Question 1.2: Why do solids have a definite volume?

Answer
Solids have strong intermolecular forces of attraction. The constituent particles of solids cannot move from their positions they can only vibrate from their mean positive. That is why do solids have a definite volume.

Question 1.3: Classify the following as amorphous or crystalline solids: Polyurethane, naphthalene, benzoic acid, teflon, potassium nitrate, cellophane, olyvinylchloride, fibre glass, copper.

Answer

Polyurethane	Amorphous solids
Nnaphthalene	Crystalline solids
benzoic acid	Crystalline solids
Teflon	Amorphous solids
Potassium nitrate	Crystalline solids
Cellophane	Amorphous solids
Polyvinylchloride	Amorphous solids
Fibre glass	Amorphous solids
Copper	Crystalline solids

Question 1.4: Why is glass considered a super cooled liquid?

Answer
Glass is a amorphous solid so all amorphous solid have a tendency to flow, though very slowly. Hence, glass is considered as a super cooled liquid. That is why the glass windows and doors become slightly thicker at the bottom than at the top with the time.

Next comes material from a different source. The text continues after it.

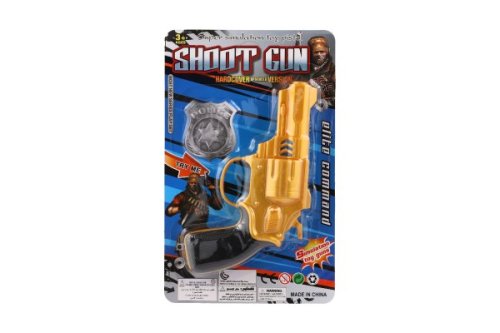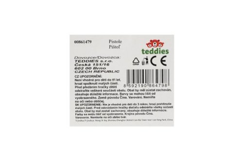 Oblíbenou hračkou všech kluků je pistole. Tato je velmi bezpečná, nepotřebuje žádné náboje. Vyznačuje se pouze zvukem setrvačníku. Rozměry výrobku 18 x 12 cm. Rozměry balení 16,5 x 26,5 x 4 cm. Vhodné pro děti od 3 let.

Question 1.5: Refractive index of a solid is observed to have the same value along all directions. Comment on the nature of this solid. Would it show cleavage property?

Answer
Isotropic solid has same value of reflective index in all the direction. All isotropic solid are amorphous solid.Amorphous solid cuts into two pieces with irregular surfaces Therefore,.Amorphous solid does not show the cleavage property.

Question 1.6: Classify the following solids in different categories based on the nature of intermolecular forces operating in them:
Potassium sulphate, tin, benzene, urea, ammonia, water, zinc sulphide, graphite, rubidium, argon, silicon carbide.

Answer

Potassium sulphate	Ionic solid
Benzene	Molecular solid (non−polar)
Urea	Polar molecular solid
Ammonia	Polar molecular solid
Water	Hydrogen bonded molecular solid
Zinc sulphide	Ionic solid
Graphite	Covalent or network solid
Rubidium	Metallic solid
Argon	Non−polar molecular solid
Silicon carbide	Covalent or network solid

Question 1.7: Solid A is a very hard electrical insulator in solid as well as in molten state and melts at extremely high temperature. What type of solid is it?

Answer
The given properties are the properties of a covalent or network solid. Therefore, the given solid is a covalent or network solid. Diamond and quartz (SiO₂) are the example of this types solid

Question 1.8: Ionic solids conduct electricity in molten state but not in solid state. Explain.

Answer
The constituent particles of ionic solid are not free to move in solid state. Therefore ionic solid are insulator in solid phase. Ions becomes free to move in molten state so ionic solid can conduct electricity in molten state.

Question 1.9: What type of solids are electrical conductors, malleable and ductile?

Answer
Metallic solids have these properties

Question 1.10: Give the significance of a ‘lattice point’.

Answer
Each lattice point represents one constituent particles of crystal. Particles of a solid may be an atom, a molecule, or an ion.

Question 1.11: Name the parameters that characterize a unit cell.

Answer
Following parameters characterized the unit cell.
(i) Three edges, a, b, and c. These edges may or may not be equal or mutually perpendicular.
(ii) Angles between the edges are represented by $/alpha ,/beta /text{ and }/gamma $. $/alpha ,/beta /text{ and }/gamma $are the opposite angle of side a, b and c respectively.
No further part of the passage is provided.